O professor diz que uma parte do problema é o pensamento individual de que pequenas ações, como atirar o lixo para fora da janela do carro, não contribuem para alimentar o problema. “Aquilo ali, não imagina que a próxima água da chuva ou o vento vai levar até um lugar que ele fique parado. Onde é que ele vai ficar parado? Normalmente, na parte mais baixa do local onde ele está, que é um rio, um córrego, um arroio, algum recurso hídrico”, afirma.

Por outro lado, avalia que a comunicação ambiental não pode ser tratada pelos governos em ações pontuais, destacando que deveria ser promovida permanentemente. “Educação ambiental em resíduos sólidos tem que ter 24 horas por dia. 365 dias ao ano e todos os anos. Não pode ser uma campanhazinha. ‘Ah, agora nós vamos fazer campanha para a questão dos resíduos por dois anos’. ‘Ah, teve lá uma campanha e naquela época diminuiu a quantidade de resíduo na boca de lobo’. Não, educação ambiental tem que ser sempre, porque nós vivemos numa sociedade de consumo e a toda hora que a gente ligou a televisão tem uma mensagem de consumo. A sociedade nos empurra para o consumo, então tem que ter uma mensagem de que o consumo deve ser consciente”.

O professor Gino avalia que, do ponto de vista de prevenção, as barreiras de proteção, como a que existe no Arroio dos Passinhos, também podem contribuir para evitar o acúmulo de lixo nos rios, mas diz que elas são insuficientes diante do volume de lixo descartado de forma irregular. “Aqueles resíduos que estão lá são gerados por nós, é o resultado da coletividade. Para fazer com que os resíduos não fiquem ali no rio Gravataí ou nas margens do Guaíba, é preciso que cada um de nós pratique a separação correta dos resíduos e destiná-los ou para a coleta de orgânicos ou para a coleta dita seletiva”, diz.

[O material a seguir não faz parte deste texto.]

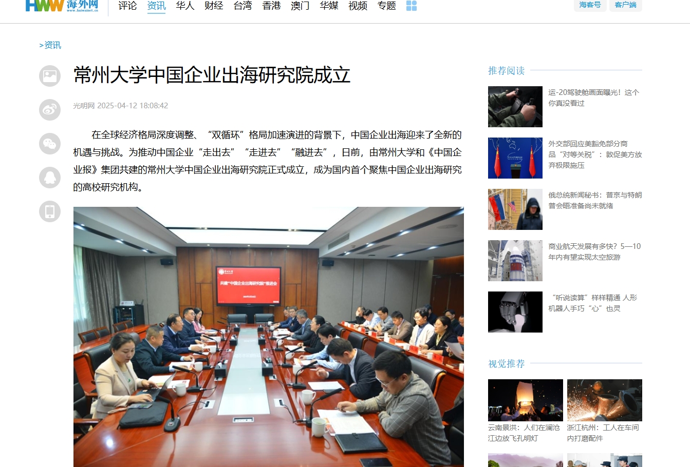 在全球經濟格局深度調整、“雙循環”格局加速演進的背景下,中國企業出海迎來了全新的機遇與挑戰。為推動中國企業“走出去”“走進去”“融進去”,日前,由常州大學和《中國企業報》集團共建的常州大學中國企業出海研究院正式成立,成為國內首個聚焦中國企業出海研究的高校研究機構。
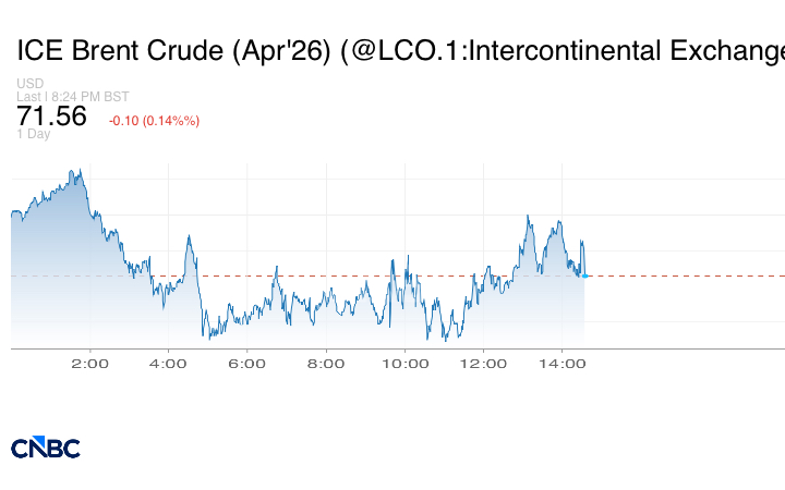 وانخفضت العقود الآجلة لخام برنت القياسي العالمي، تسليم أبريل، بمقدار 14 سنتاً لتصل إلى 71.56 دولاراً للبرميل، متراجعةً عن مكاسبها السابقة.

Para a Fepam, uma das medidas que poderiam ser tomadas para evitar que uma nova mancha de lixo se forme no futuro seria tornar mais eficiente a coleta de lixo, especialmente nas periferias das cidades que estão localizadas nas partes mais altas das sub-bacias dos arroios que vão desaguar nos rios. Outra medida seria a disponibilização de ecopontos em locais estratégicos da cidade para coleta de diferentes tipos de resíduos e a colocação de barreiras móveis para retenção de resíduos nestes arroios, bem como a realização de campanhas de esclarecimento junto à população sobre os riscos devido ao descarte irregular dos resíduos.